Implementation:Hiyouga LLaMA Factory VLLM Engine
| Knowledge Sources | |
|---|---|
| Domains | Inference, High-Throughput Serving |
| Last Updated | 2026-02-06 19:00 GMT |
Overview
VLLM Engine is the vLLM-based async inference engine that provides production-grade high-throughput text generation with PagedAttention and continuous batching.
Description
The VllmEngine class initializes a vLLM AsyncLLMEngine with configurable tensor parallelism (auto-detected from device count), GPU memory utilization, LoRA adapter support, and multimodal input limits. It handles GPTQ quantization dtype overrides (forcing float16 for GPTQ models) and applies Yi-VL projector patching when detected. The _generate method constructs SamplingParams from both default and per-request generation settings, prepares multimodal data (images, videos, audios) via the template's multimodal plugin, and returns an async iterator of RequestOutput objects. The chat method collects all outputs from the iterator, while stream_chat yields delta text incrementally. Reward model scoring (get_scores) is not supported.
Usage
Use this engine for production inference by setting --infer_backend vllm. It is the recommended choice for high-throughput serving scenarios with support for LoRA adapters, multimodal models, and multiple return sequences.
Code Reference
Source Location
- Repository: Hiyouga_LLaMA_Factory
- File: src/llamafactory/chat/vllm_engine.py
- Lines: 1-271
Signature
class VllmEngine(BaseEngine):
def __init__(
self,
model_args: "ModelArguments",
data_args: "DataArguments",
finetuning_args: "FinetuningArguments",
generating_args: "GeneratingArguments",
) -> None: ...
async def _generate(
self,
messages: list[dict[str, str]],
system: Optional[str] = None,
tools: Optional[str] = None,
images: Optional[list["ImageInput"]] = None,
videos: Optional[list["VideoInput"]] = None,
audios: Optional[list["AudioInput"]] = None,
**input_kwargs,
) -> AsyncIterator["RequestOutput"]: ...
async def chat(self, messages, system=None, tools=None, images=None, videos=None, audios=None, **input_kwargs) -> list["Response"]: ...
async def stream_chat(self, messages, system=None, tools=None, images=None, videos=None, audios=None, **input_kwargs) -> AsyncGenerator[str, None]: ...

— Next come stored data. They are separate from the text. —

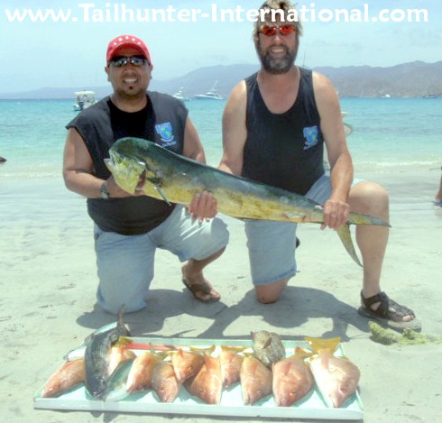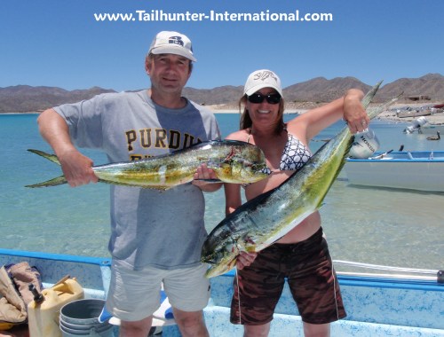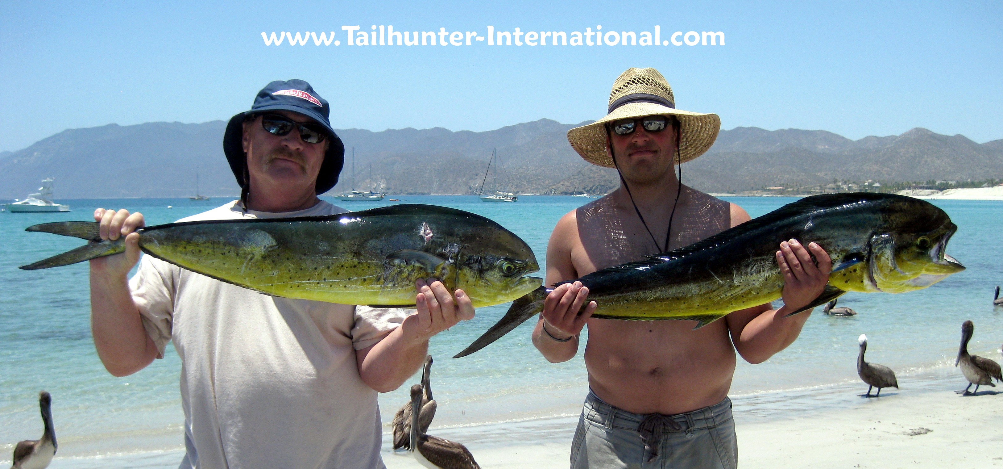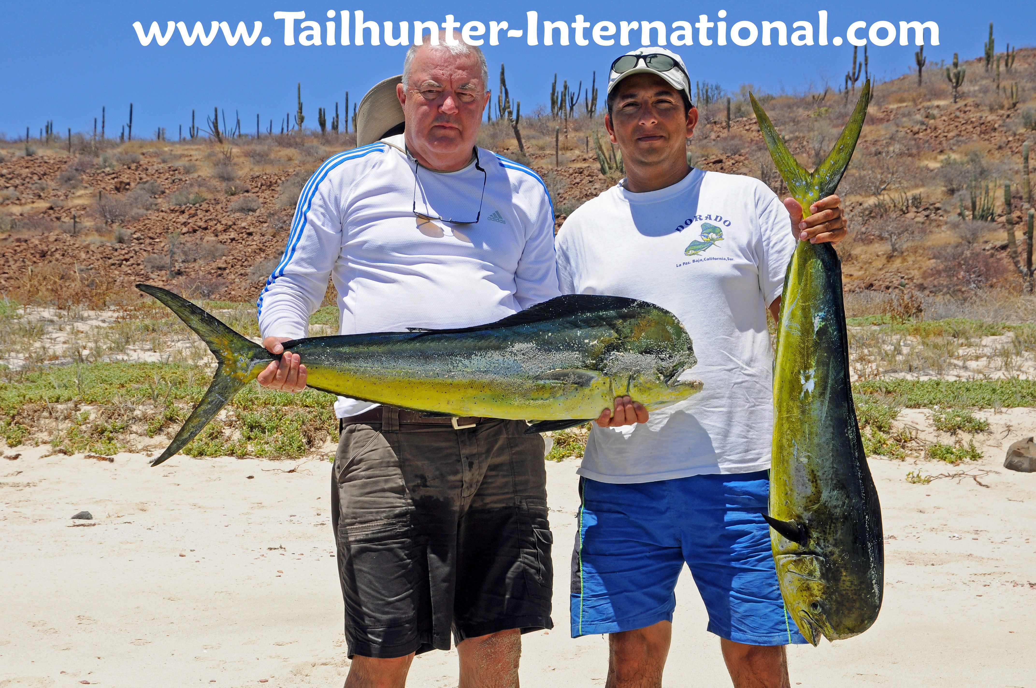 Popular Captain Joel with our Tailhunter La Paz Fleet poses next to Dr. Bruce Beckford from Colorado holding up a pair of their dorado they picked up fishing north of La Paz around the island.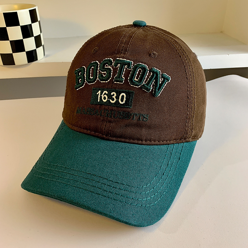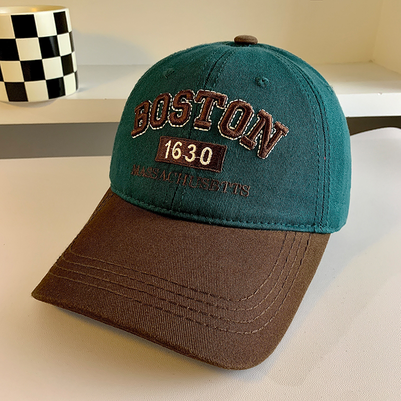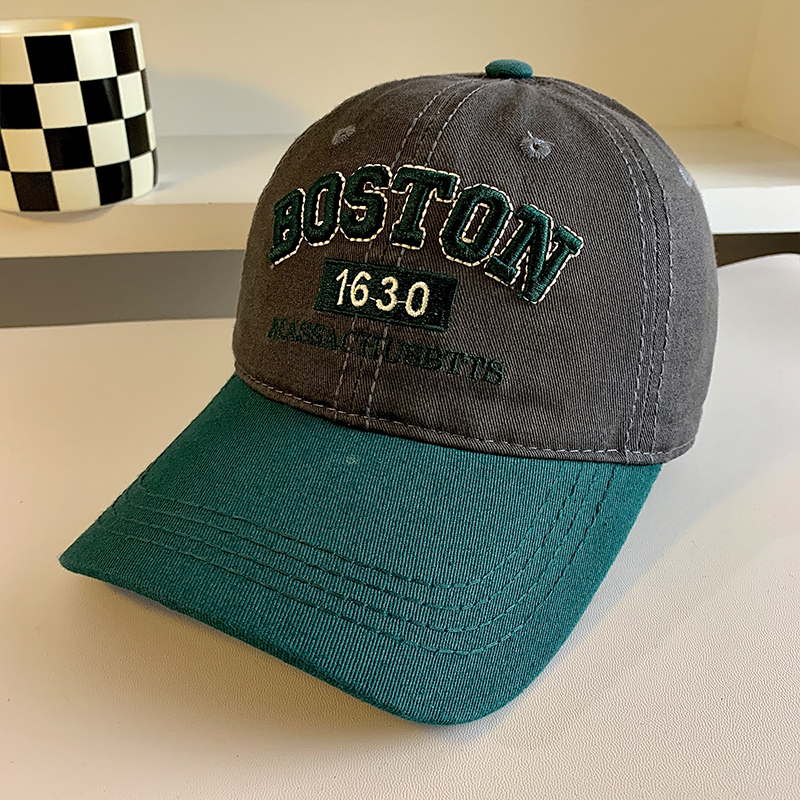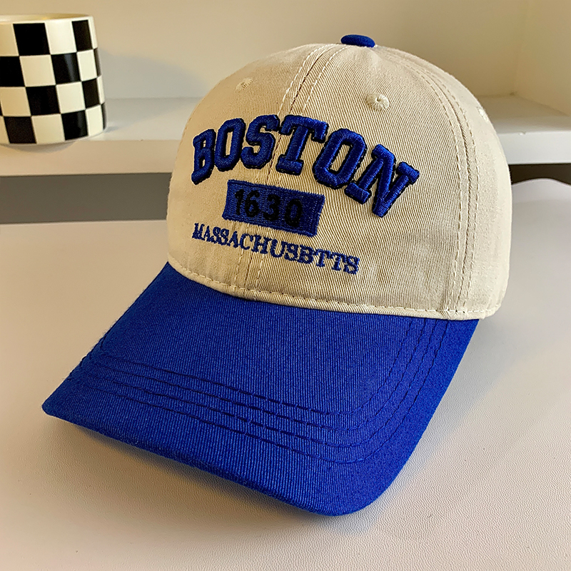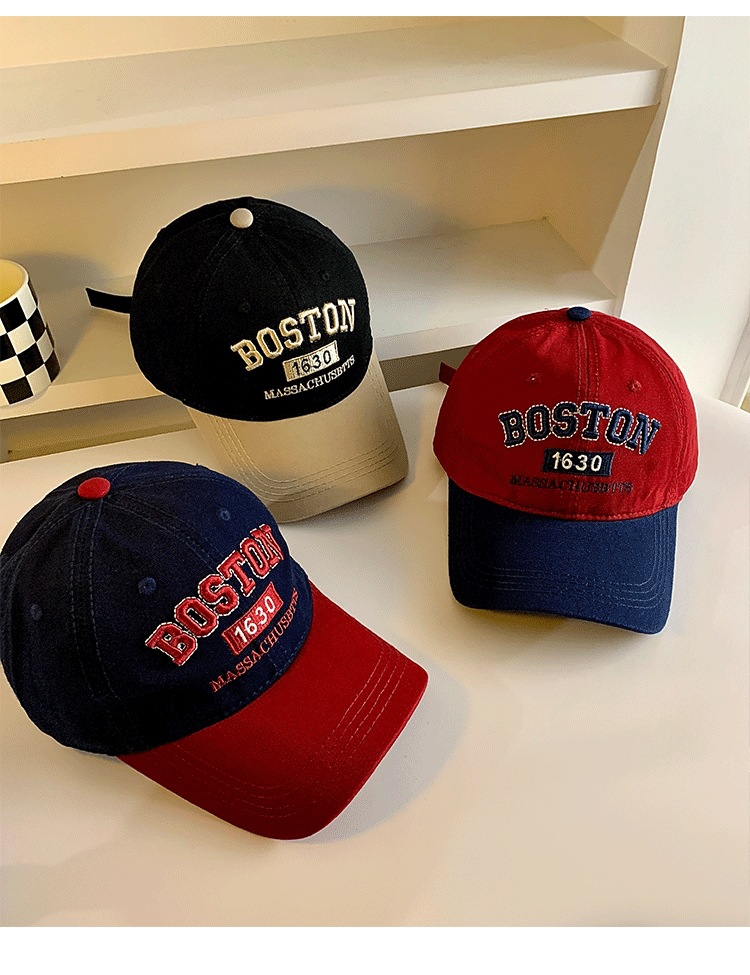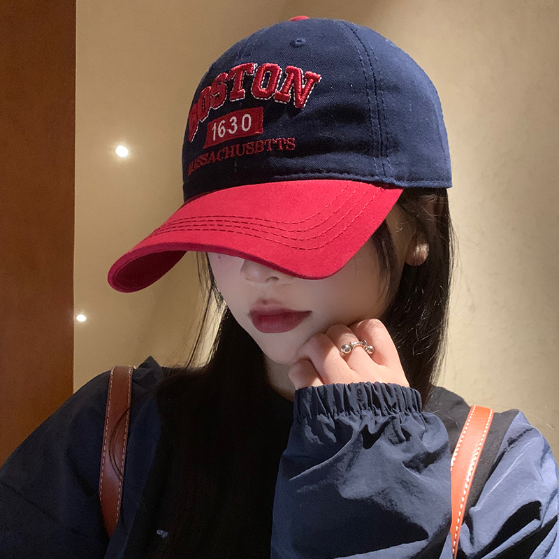 Colorblock 편지 야구 모자 여자 미국식 레트로 큰 머리 얼굴 작은 모자 와이드 브림 큰 얼굴 딥 탑 모자스토어 가기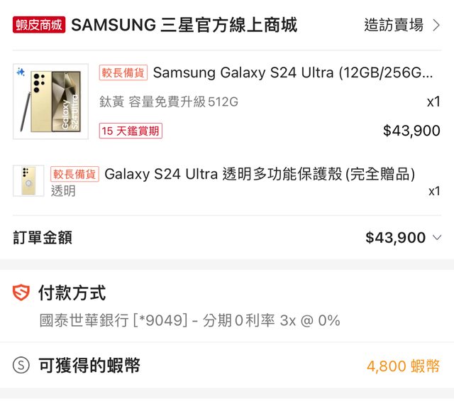推 leehomalan : 今天周一,line導購買s24 ultra有再另加碼10%嗎? 01/22 01:11
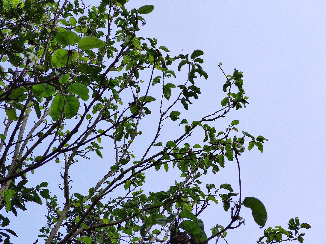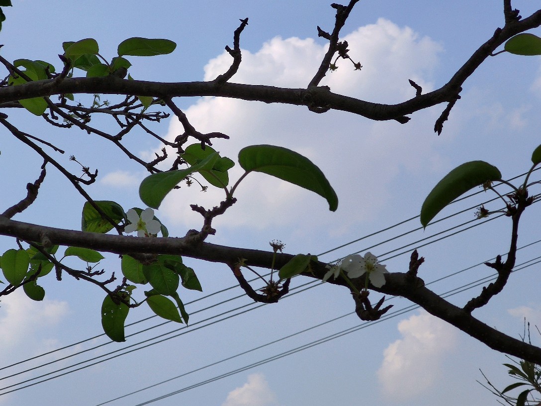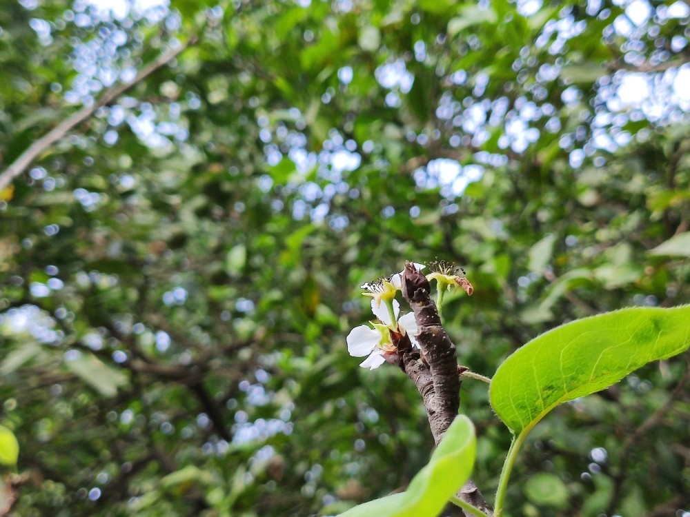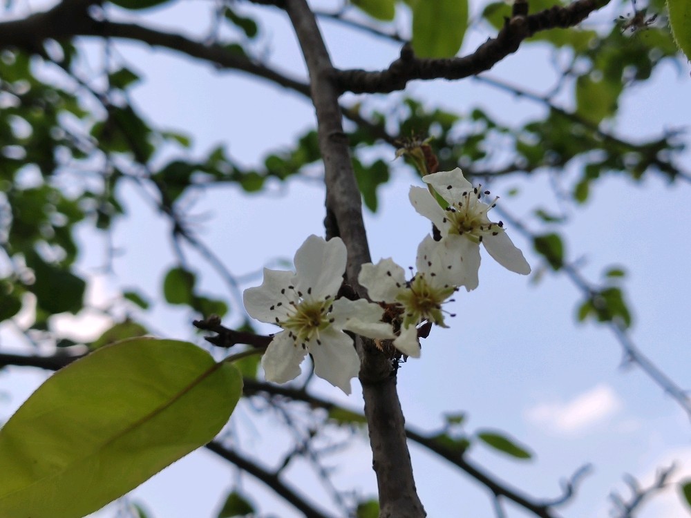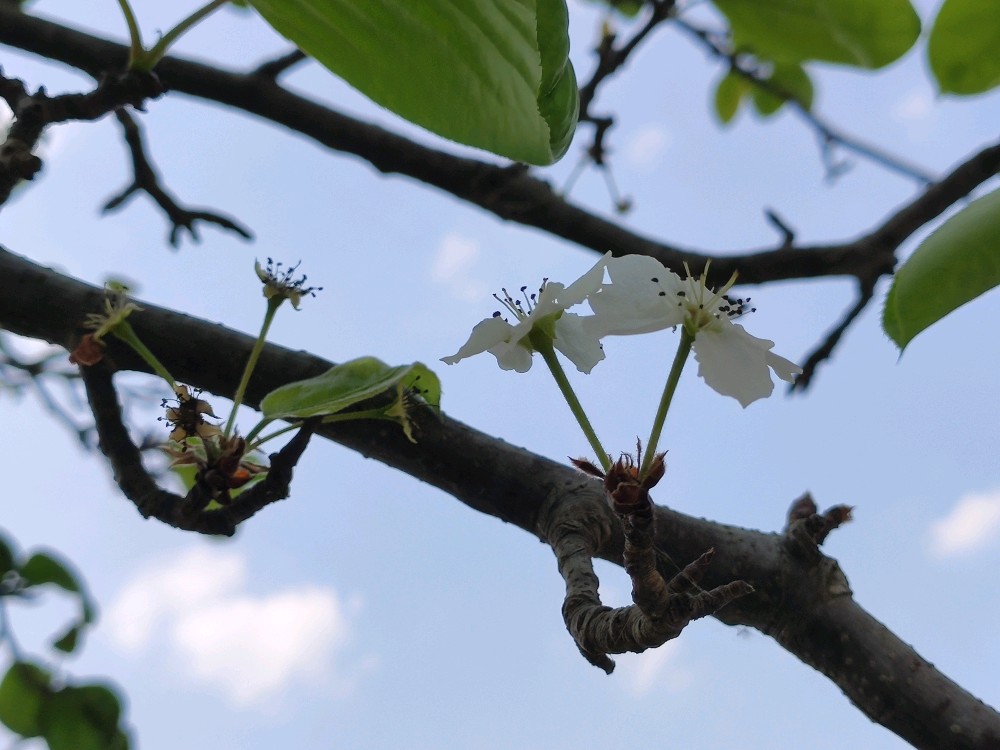梨花这次也拖离带水了,这稀拉拉的一开,也一月有余了吧。现在,叶子几乎都长齐了,在一片绿意盎然中却还能看到几枚白色的花朵绽放在枝头。我努力找寻着小梨子的存在,可转了一圈又一圈,实在是没看到它的踪影。这是咋回事儿呢?往年都能结小梨子的,这次怎么看不到踪迹了呢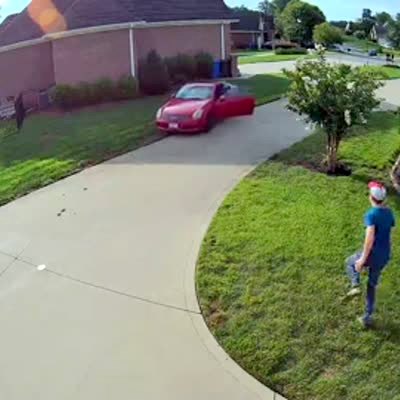 A car rolls down the driveway towards a neighbor's house when a man forgets to put it in park as he runs inside his house. His young daughter yells for him from inside the car and he runs back to it and stops it.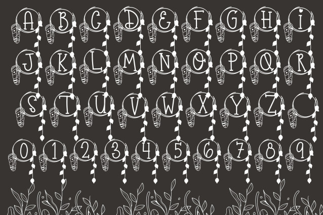 Feather Ring Boho Monogram Font is an enchanting serif monogram font featuring elegant uppercase letters encircled by hand-drawn feather wreaths. With a dreamy, bohemian vibe and organic flow, this font is perfect for wedding branding, personalized gifts, Cricut crafts, and anything that needs a touch of rustic elegance.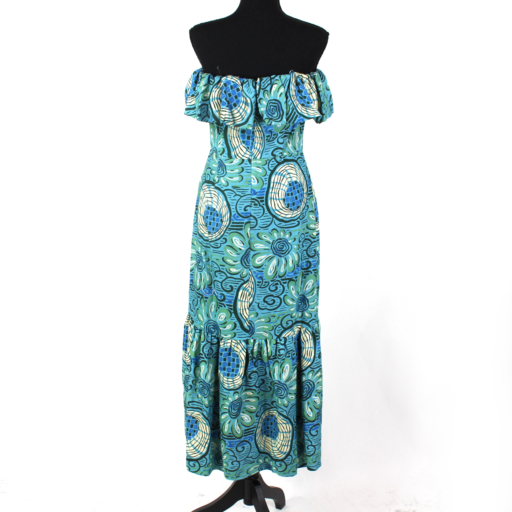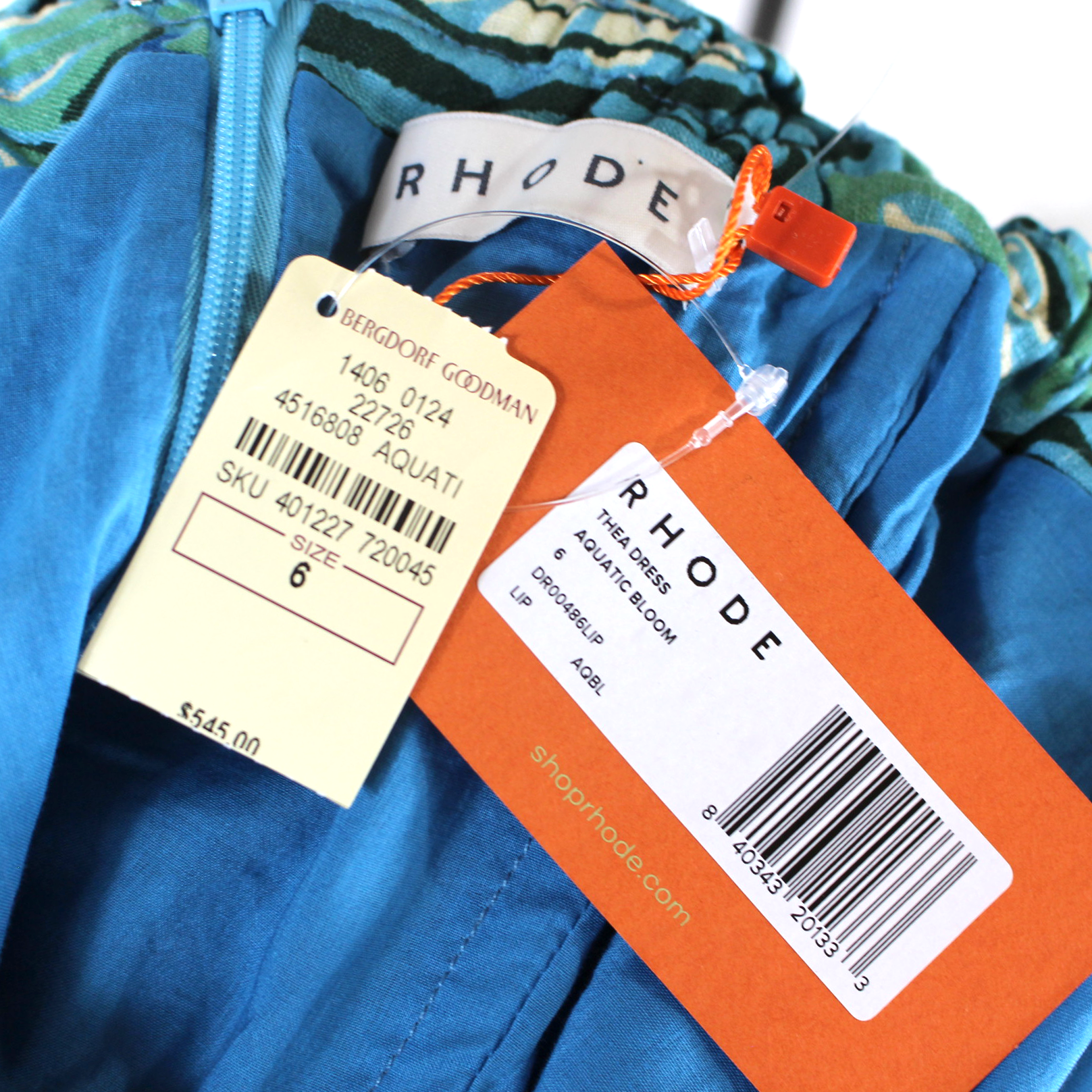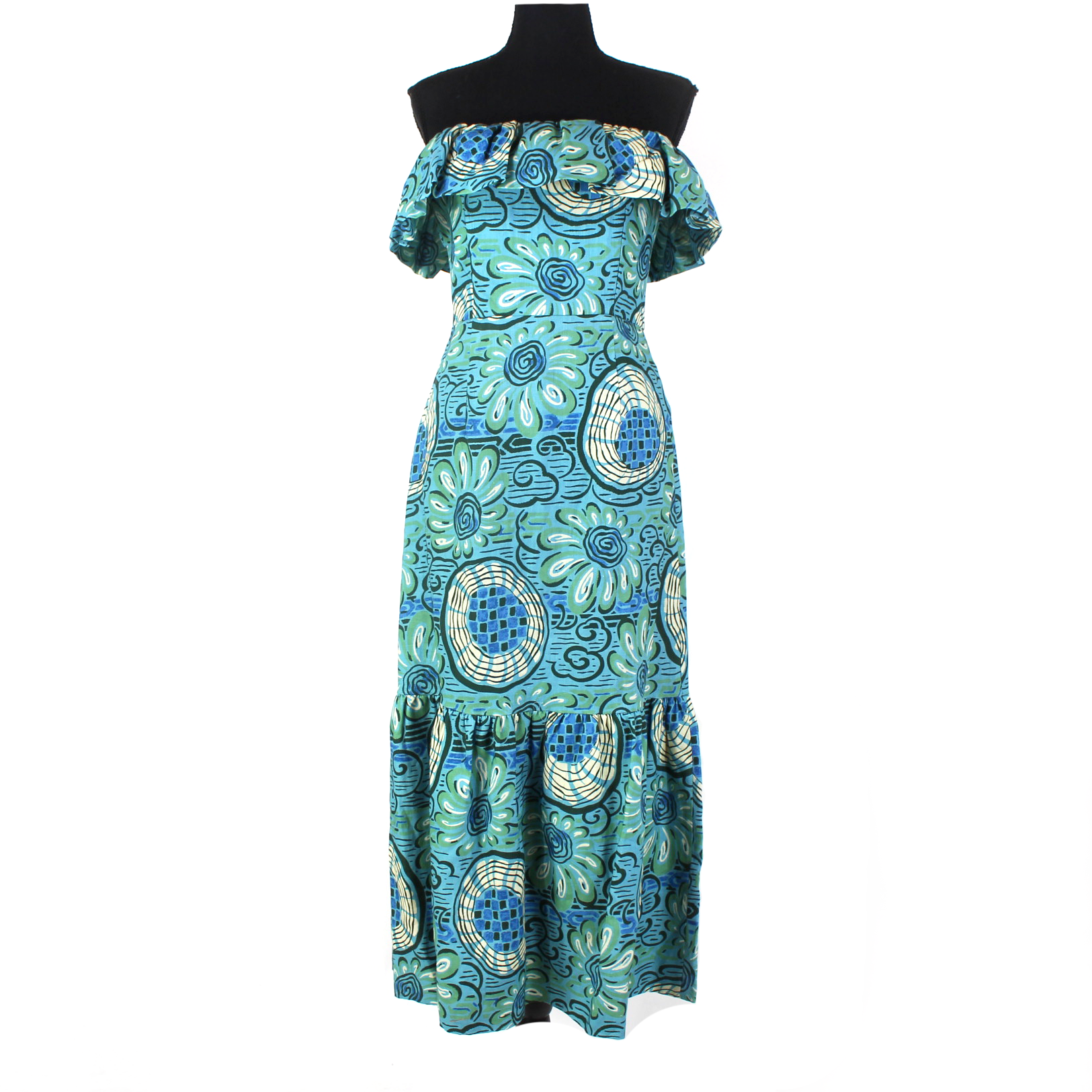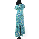 Rhode Thea Aquatic Bloom Linen Strapless Flounce Hem Midi Dress

async def get_scores(self, batch_input, **input_kwargs) -> list[float]: ...
Import
from llamafactory.chat.vllm_engine import VllmEngine
I/O Contract
Inputs
| Name | Type | Required | Description |
|---|---|---|---|
| model_args | ModelArguments | Yes | Model configuration including vllm_maxlen, vllm_gpu_util, vllm_enforce_eager, vllm_max_lora_rank, vllm_config |
| data_args | DataArguments | Yes | Data configuration for template setup |
| finetuning_args | FinetuningArguments | Yes | Finetuning stage ("sft" enables generation) |
| generating_args | GeneratingArguments | Yes | Default generation parameters |
| messages | list[dict[str, str]] | Yes | Chat messages for generation |
| images | list[ImageInput] | No | Image inputs (regularized via mm_plugin) |
| videos | list[VideoInput] | No | Video inputs (regularized via mm_plugin) |
| audios | list[AudioInput] | No | Audio inputs (regularized via mm_plugin) |
| num_return_sequences | int | No | Number of completions to generate (default: 1) |
Outputs
| Name | Type | Description |
|---|---|---|
| list[Response] | list[Response] | Generated responses with text, token IDs length, prompt token IDs length, and finish reason |
| AsyncGenerator[str, None] | async generator | Token-by-token delta text streaming output |
| get_scores | NotImplementedError | Reward model scoring is not supported |
Usage Examples
from llamafactory.chat import ChatModel
# Use vLLM backend for high-throughput inference
chat_model = ChatModel(args={
"model_name_or_path": "meta-llama/Llama-2-7b-chat-hf",
"template": "llama2",
"infer_backend": "vllm",
"vllm_maxlen": 4096,
"vllm_gpu_util": 0.9,
})
# Generate multiple completions
messages = [{"role": "user", "content": "Write a haiku about coding."}]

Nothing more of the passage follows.